Indeed, machine learning methods have been applied to identify viral sequences in metagenomic data using deep learning, a method that relies on algorithms inspired by the structure of the human brain. DeepVirFinder, for example, is a reference-free, alignment-free machine learning method, and MARVEL (Metagenomic Analysis and Retrieval of Viral Elements) is a tool designed to predict dsDNA phage sequences in metagenomics bins. Sullivan and his colleagues have also recently released the updated VirSorter2 tool to leverage machine learning and capture dsDNA viruses, ssDNA viruses, RNA viruses, and giant viruses.
Ultimately, Sullivan believes that in broadly appreciating both hypothesis-driven and discovery-based science, innovation will flourish.
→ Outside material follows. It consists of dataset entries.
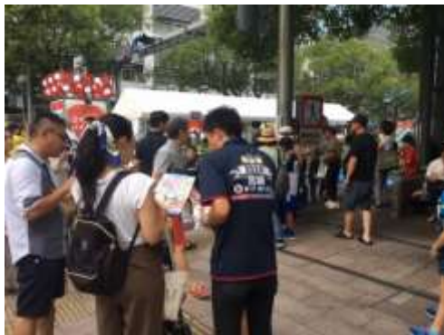
(「まつり宮崎」会場での広報活動)
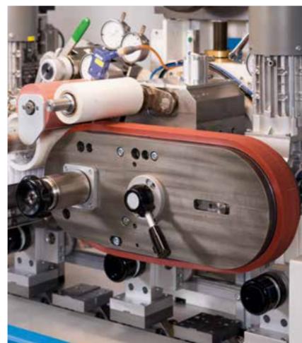
Unité d'impression avec tampon type courroie

La CONTINUOUS CIRCULAR a une capacité de 15.000 pièces/heure – selon les pièces à marquer.
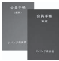
会員手帳 更新会員(左・色は緑)と 新規会員(右・色は赤)

▼ジパング手帳のお届けは、お申込から2〜3週間程度の時間が必要となりますので、予めご了承ください。 尚、更新手続きは1ヶ月前から可能です。 期限を過ぎますと、割引率が新規会員扱いになりますので、お早めに更新手続きをお願いいたします。
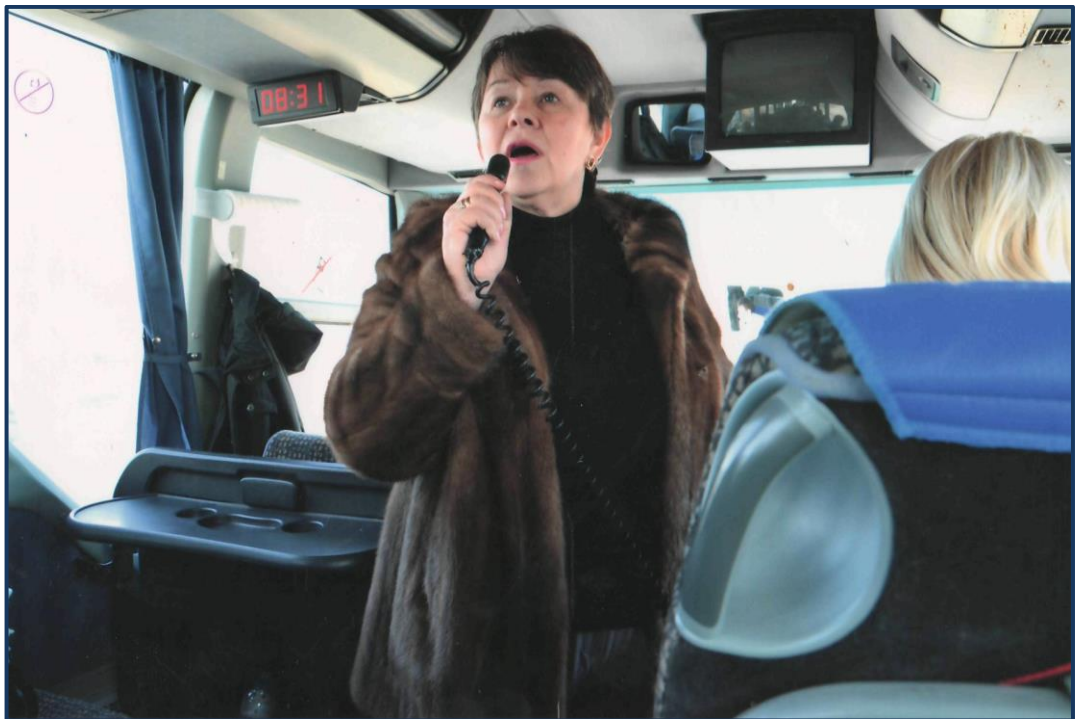
Навчальна екскурсія для студентів.
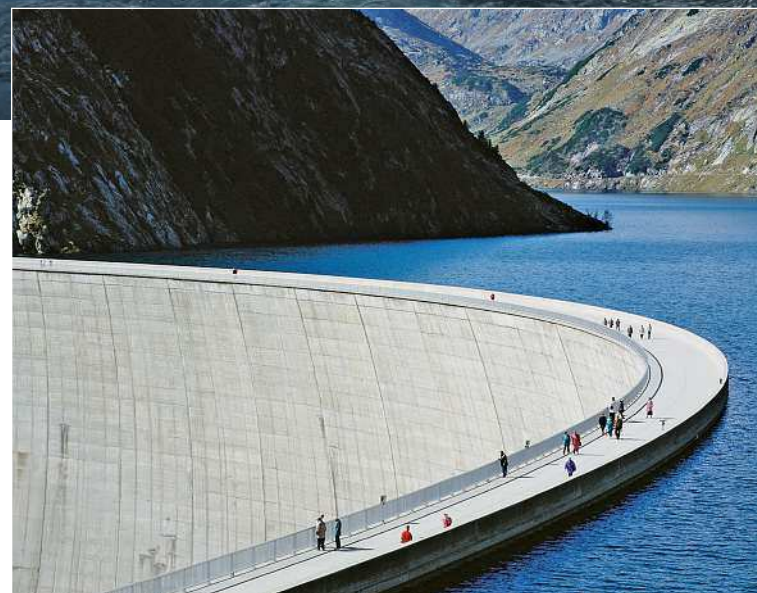
Das Kraftwerk Malta Oberstufe ist ein Pumpspeicherkraftwerk in der Ortschaft Brandstatt in der Gemeinde Malta in Kärnten, dass 1977 in Betrieb genommen wurde
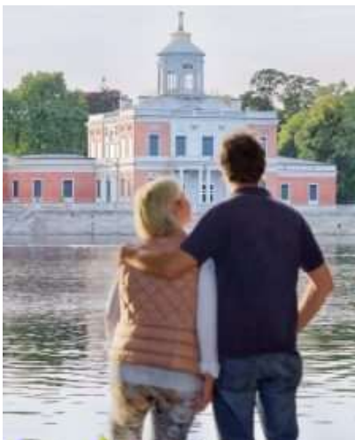
Abbildung 3: Blick auf das Marmorpalais vom Ufer des Heiligen Sees.

Die „Core Story“ der Tourismusmarke Potsdam.
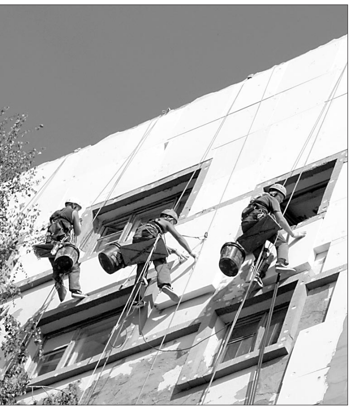
Как дела наверху?
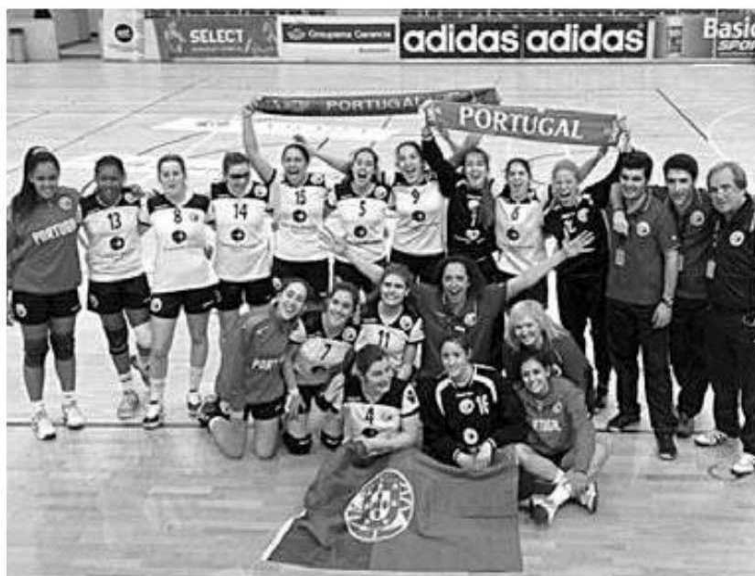
Portugal soma desaire na estreia diante da Polónia.
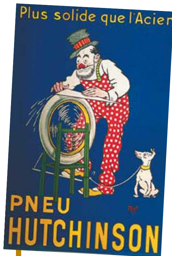
Le célèbre rimeuseur de Mich
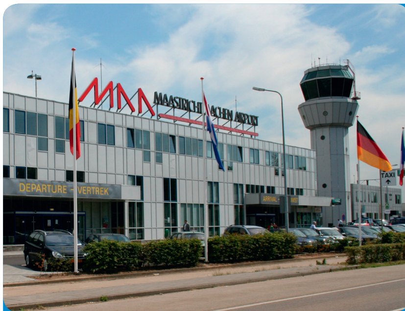
Afb. 2 - MAA staat voor Maastricht Aachen Airport

Op een grote luchthaven werken veel mensen met verschillende beroepen. Schrijf op welke beroepen dat kunnen zijn.
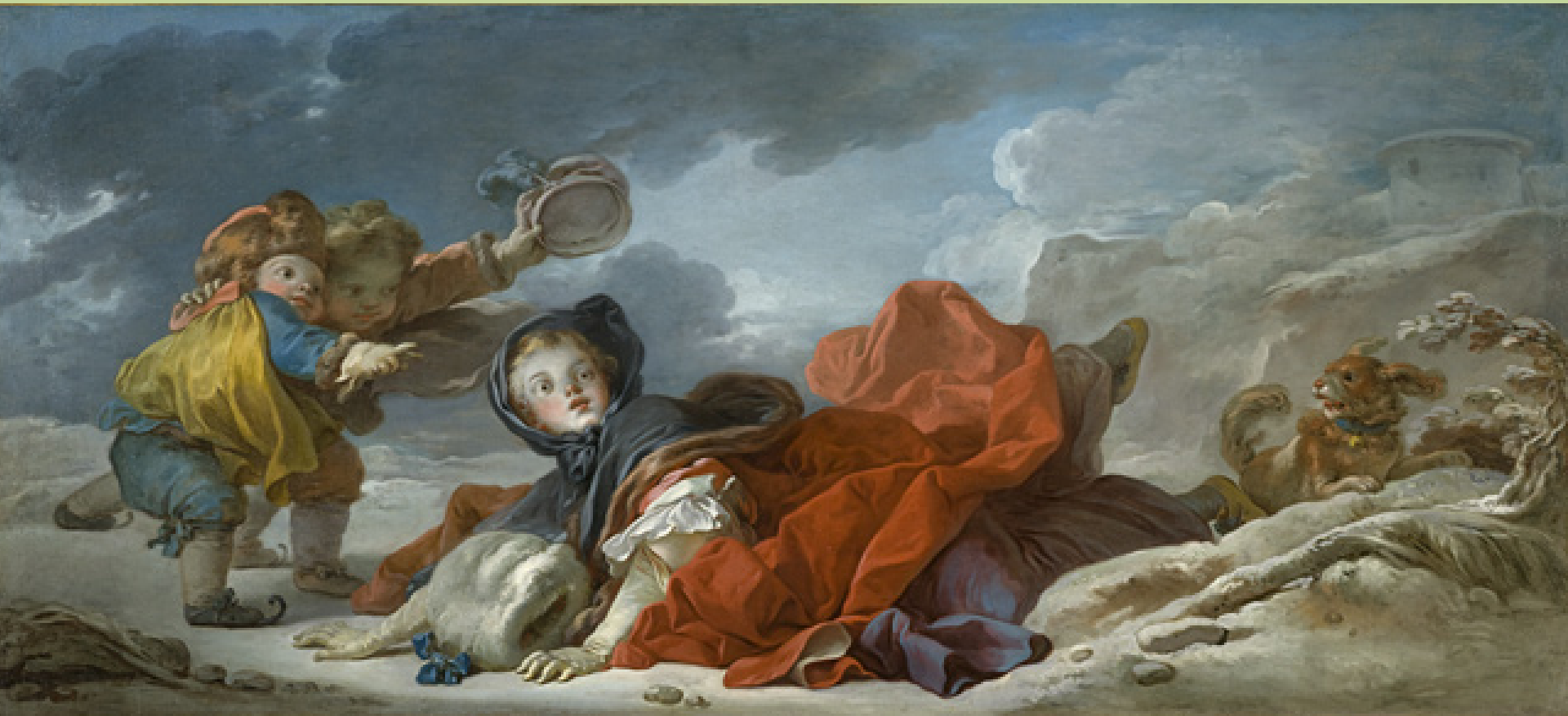
Jean Honoré Fragonard (Grasse, 1732 – Paris, 1806), L'Hiver , vers 1752/3, peinture à l'huile sur toile, Los Angeles, Los Angeles County Museum of Art.
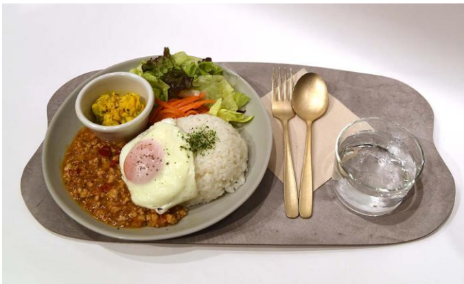
～バジルとスパイスが効いた～ ガパオライス 990 円 (+ tax 1089 円)

+320 円 (税込 352 円) でドリンクセットにできます。また、プレートメニューとスイーツセットのご注文で 20%OFF となります。
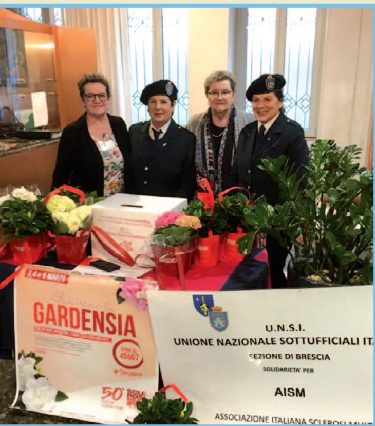
Le Dame di Brescia
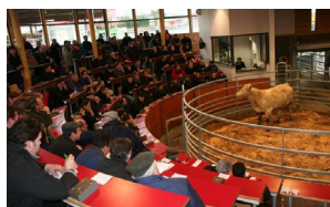
Pièce de théâtre de Ste Foy en Brionnais

C'est aussi la découverte du marché au Cadran ou de pièces de théâtre à Sainte Foy en Brionnais
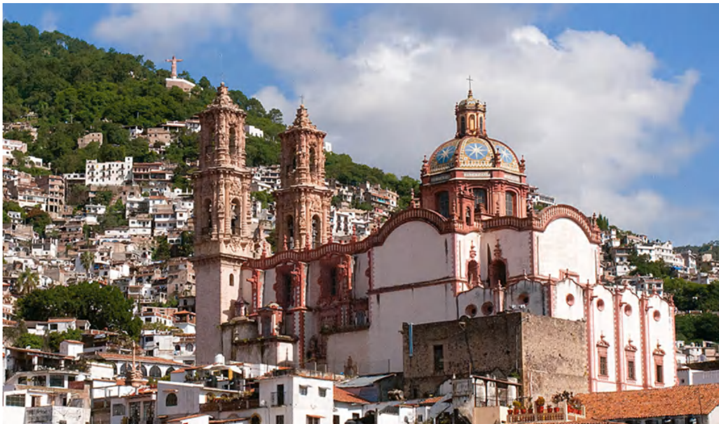
Kościół Św. Pryski w Taxco - Meksyk
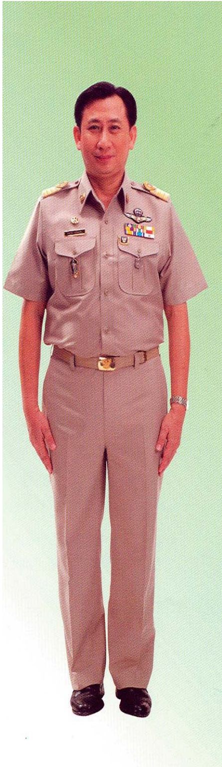
เครื่องแบบสีกากี คอพับแขนสั้น ชาย
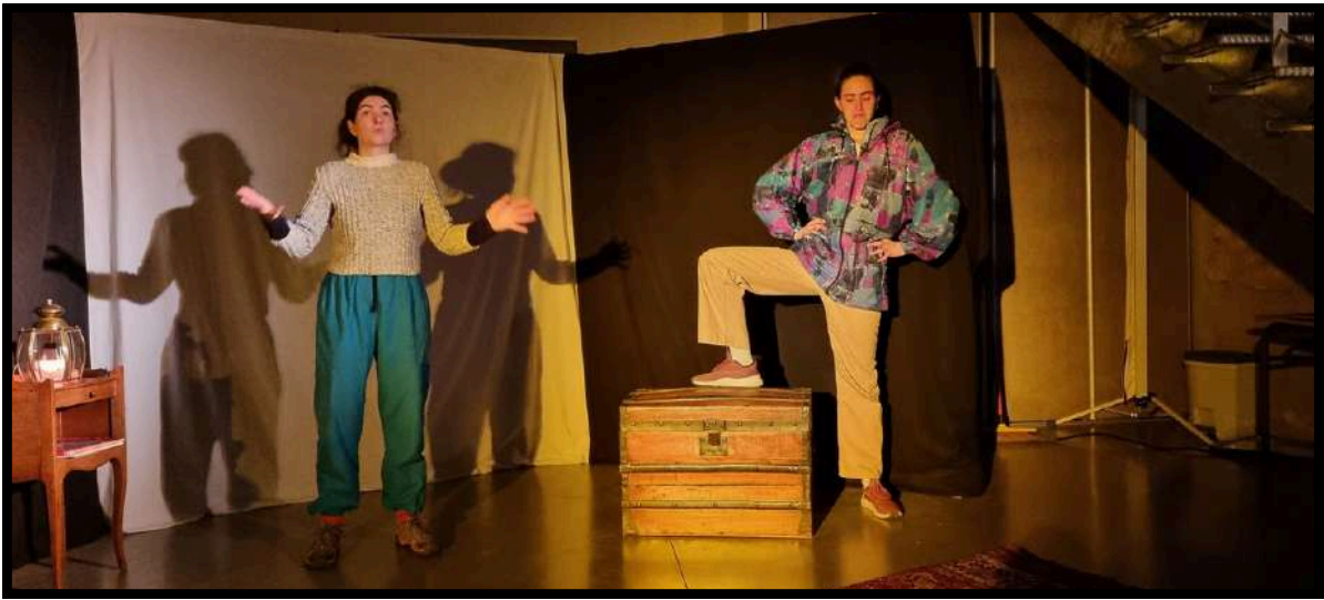
Grésilhette et la Salimonde en résidence au domaine de Villarzens en janvier 2025
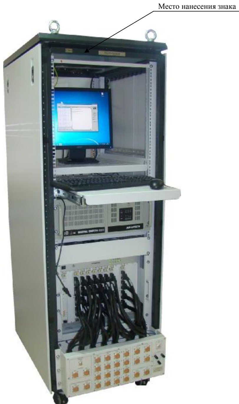
Рисунок 1 – Внешний вид системы

Внешний вид системы с указанием места нанесения знака утверждения типа приведен на рисунке 1. Защита от несанкционированного доступа предусмотрена в виде пломбировки функциональных модулей, установленных в базовый блок (рисунок 2).
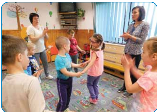
Malčki se pripravljajo tudi v Števanovcih

to glasbo in tako, da poleg izgovorjave slovenskih besed vadijo tudi občutek za ritem. Zveza Slovencev na Madžarskem bo zadnji teden maja organizirala Teden otroka z naslovom »Pika poka pod goro ...«.
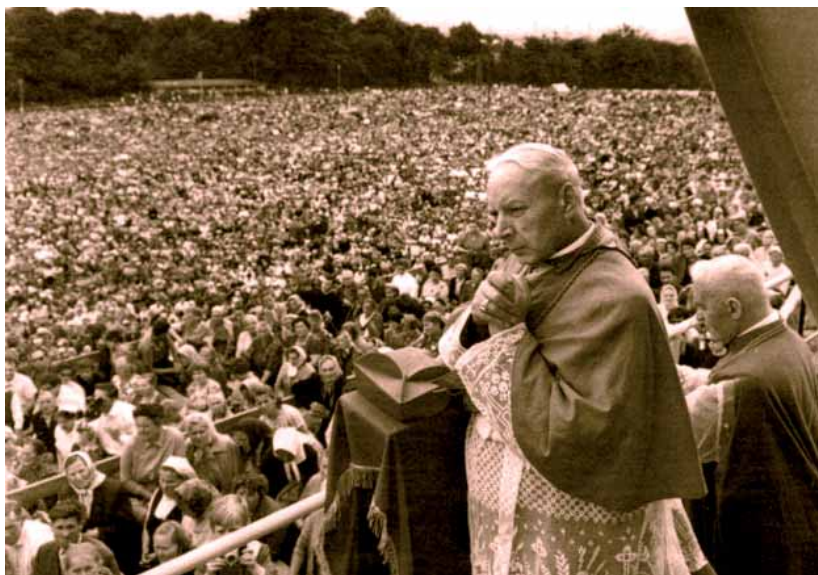
Stefan Kardynał Wyszyński Prymas Polski w czasie obchodów Millenium Chrztu Polski 3 maja 1966 r.
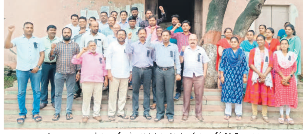
జీఎం కార్యాలయంలో నల్లబ్యాడ్లలో నిరసన వ్యక్తం చేస్తున్న ఉద్యోగులు, టీబీజేకేఎస్ నాయకులు

నల్లనేల భగ్గుమన్నది. సిరుల సింగరేణి బొగ్గు బ్యాంకుల వేలం, ప్రైవేటీకరణకు వ్యతిరేకంగా కార్మికుల కోరిక కదం తొక్కింది. కేంద్ర, రాష్ట్ర ప్రభుత్వాల కుట్రపై పోరుబాట పట్టింది. టీబీజేకేఎస్ ఇచ్చిన పిలుపుమేరకు సోమవారం గానులు, ఓసీపిలు, డిపార్ట్ మెంట్లపై కార్మికులు నల్ల బ్యాడ్లను ధరించి నిరసనలు తెలిపారు. అధికారులకు వినతి పత్రాలు అందించారు. బొగ్గు బావులను సింగరేణి సంస్థకే అప్పగించాలని, లేదంటే ఉద్యమం తీవ్రతరం చేస్తామని హెచ్చరించారు.
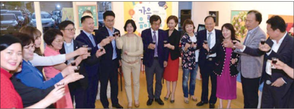
지난 2017년 진행한 무등CEO 아카데미 가을음악회.
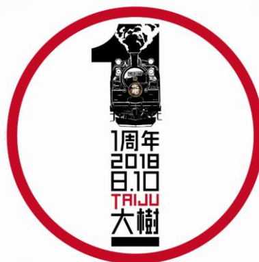
△1周年オリジナルヘッドマーク

Going forward, he hopes to apply the viral ecogenomics toolkit he and his colleagues developed to study viruses in the wild and in their ecosystem context. “With that toolkit in hand, we are now excited to apply it to diverse ecosystems to answer questions ranging from improving human health outcomes to quantifying speciation rates in hundreds of thousand-year-old viruses, to understanding how viruses of microbes impact ocean, soil, and other ecosystems.”
Recently, Ohio State has launched a new Center of Microbiome Science and an NSF-funded EMERGE Biology Integration Institute. “Together, these new collaborative efforts are helping push the boundaries of ‘genes to ecosystems’ science, to bring understanding to how microbiomes and their viruses impact the planet,” says Sullivan.
Certainly, with advanced sequencing-based approaches and powerful analytical tools, researchers can gain a deeper understanding of the multitude of viruses that affect our natural world and our physical selves.